DüsseldorfJens Schwarz meldet sich selten zu Wort. Der Vorsitzende des Konzernbetriebsrats der Deutschen Bahn und damit der Vertreter von rund 200.000 Eisenbahnern in Deutschland überlässt das Feld eher den Eisenbahnergewerkschaften. Allen voran natürlich der inzwischen streikerprobten GDL mit ihrem Vorsitzenden Claus Weselsky. Wenn sich Schwarz jetzt also zu Wort meldet, wiegt das umso mehr.

Der inzwischen neunte Lokführerstreik mit seinen wirtschaftlichen Folgen lasse die Beschäftigten der Bahn um ihren Arbeitsplatz fürchten, berichtete Schwarz am Mittwoch in Frankfurt. Der derzeitige Schwebezustand verunsichere die Kollegen zum Teil massiv, sagte Schwarz in Frankfurt. Er appellierte an das Unternehmen und an die Gewerkschaften GDL und EVG, sich schnell zu einigen.

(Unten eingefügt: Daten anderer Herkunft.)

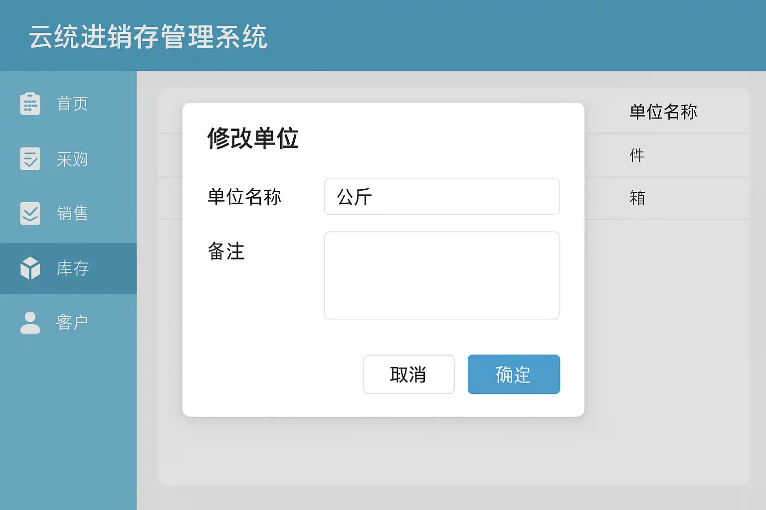 在云统进销存管理系统中修改计量单位为公斤,通常需要进入“系统设置”或“基础资料”模块,找到“计量单位管理”选项。具体步骤如下:
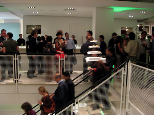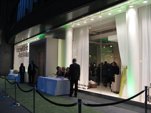 I guess I wasn’t really sure what to expect of what essentially amounted to an after-work ribbon cutting. Certainly not a velvet rope, swirling floodlights, a green carpet (it’s the new black! Er… red!), four women working the check-in table and black-blazered door security.
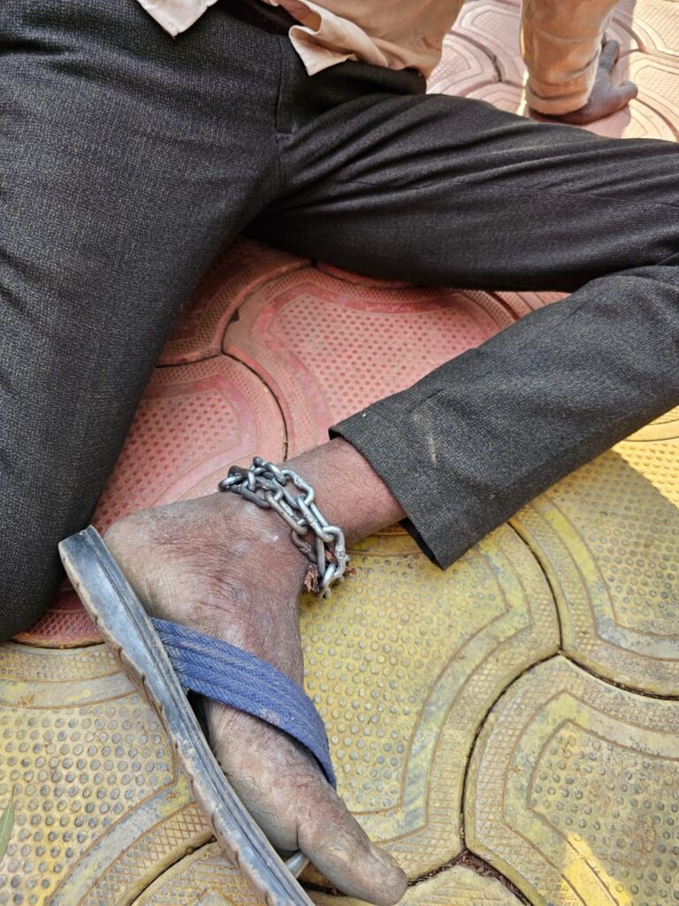 पैर में लोहे की जंजीर बंधी थी मजदूर के
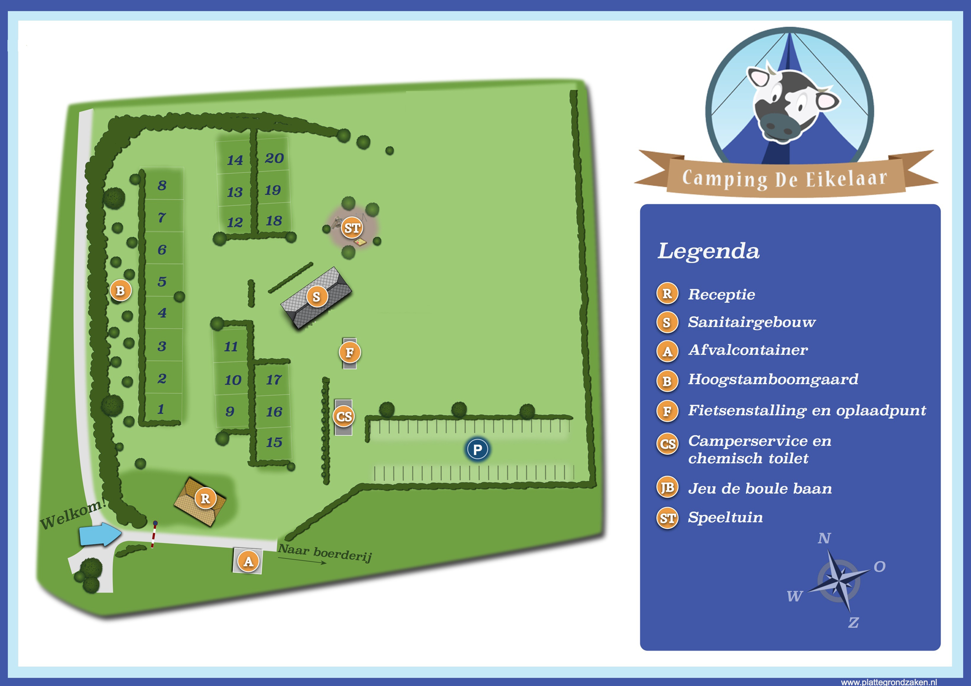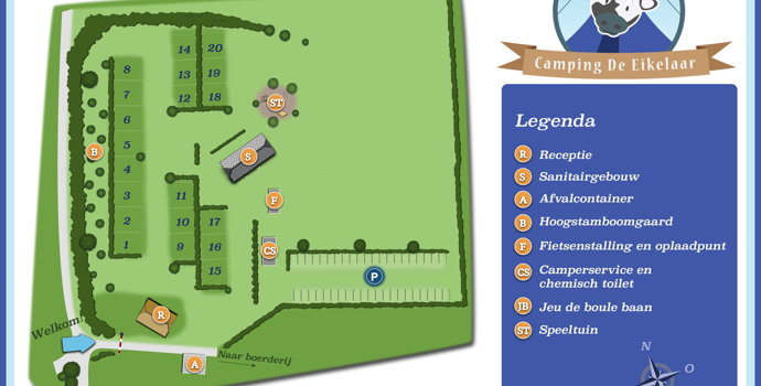 Camping de Eikelaar ist ein ruhiger Campingplatz in einem offenen Gebiet. Das Naturschutzgebiet der Overasseltse- und Hatertse-Moore ist zu Fuß erreichbar. Ideal für einen abwechslungsreichen Rad- oder Wanderurlaub an der Grenze von 3 Provinzen. Entlang der Flüsse Maas und Waal, über die Hügel von Groesbeek, im Obstgebiet Betuwe, die schönen Dörfer und Städte in Brabant, Limburg und Gelderland mit der Stadt Nijmegen in 8 km Entfernung.

Schwarz ist Mitglied der EVG und unterstützt deren Position nach einem einheitlichen Tarifvertrag im Bahn-Konzern. „Der integrierte Konzern und die damit verbundene Durchlässigkeit innerhalb des Konzerns gewährleisten unseren Kolleginnen und Kollegen berufliche Perspektiven, die es zu wahren gilt“, fordert er. Die GDL versucht dagegen eine eigenständigen Tarifvertrag für Lokführer und Bahnpersonal durchzusetzen. Deshalb ziehen sich die Verhandlungen mit der Bahn, hin. Die Bahn will unterschiedliche Tarifverträge für dieselben Berufsgruppen verhindern.

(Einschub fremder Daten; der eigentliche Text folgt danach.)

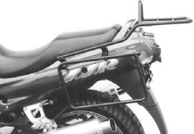 HEPCO&BECKERs standard side carriers are firmly bolted to the motorcycle. All normal hard lugagge cases from Hepco & Becker fit this carrier. The cases are fastened to the carrier by means of a quick release fastener. For this purpose, an aluminum adapter is required which is normally included within the delivery of the case. (Item number: 700114) This aluminum adapter is screwed to the rear right and left of the carrier and offer the holder for the luggage lock.
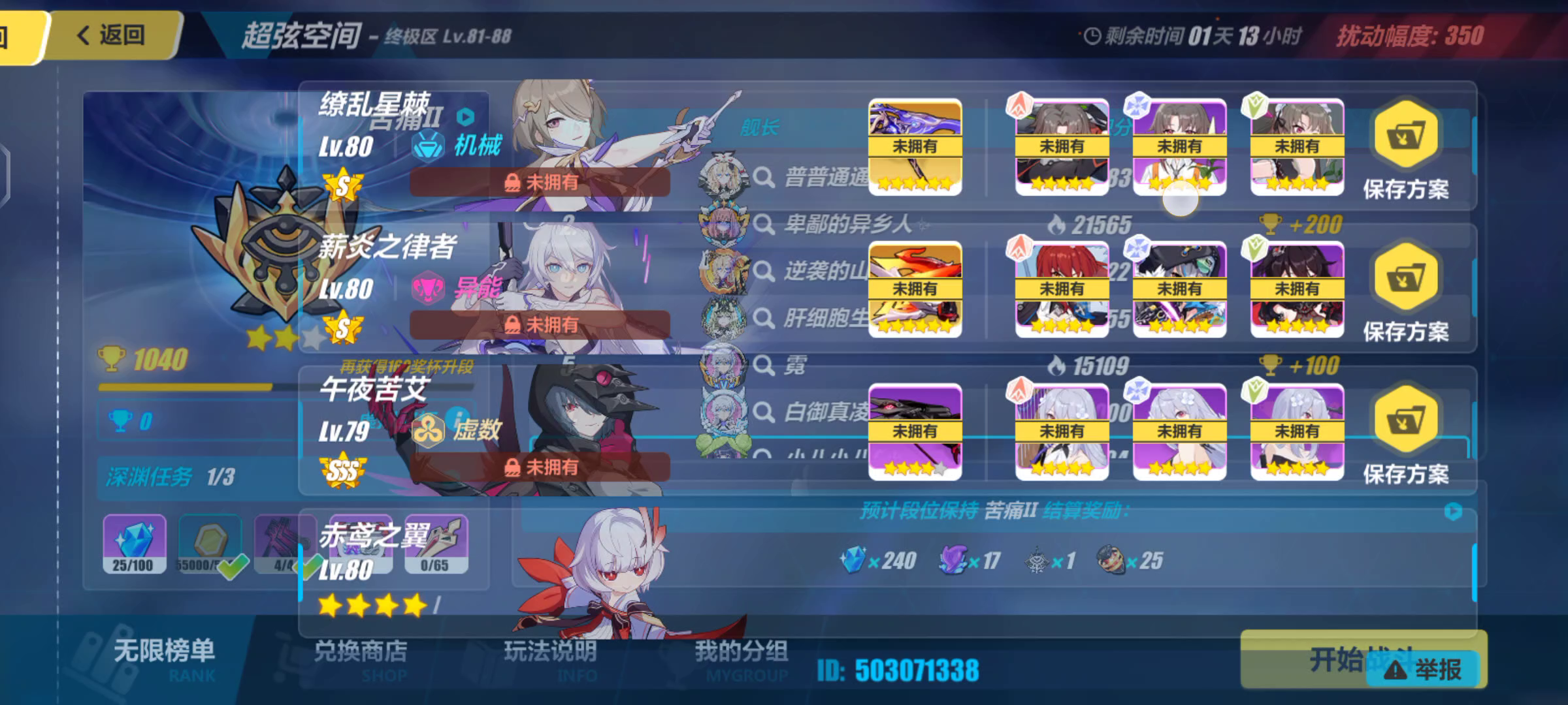 渠道1服 420扰动 配置: ss星塔 1485面板 s2云墨 戍阿戍 sss渡鸦 四星克莱茵

Während der Streik nun auch im Personenverkehr angelaufen ist, sprechen Bahnvorstand Ulrich Weber und GDL-Chef Claus Weselsky seit Dienstag wieder miteinander. Moderator ist der frühere Vorsitzende des Bundesarbeitsgerichtes Klaus Bepler.

Ziel der Gespräche ist es, eine Rechtsgrundlage für weitere Verhandlungen zu finden. Über den Stand der Gespräche wurde nichts bekannt. 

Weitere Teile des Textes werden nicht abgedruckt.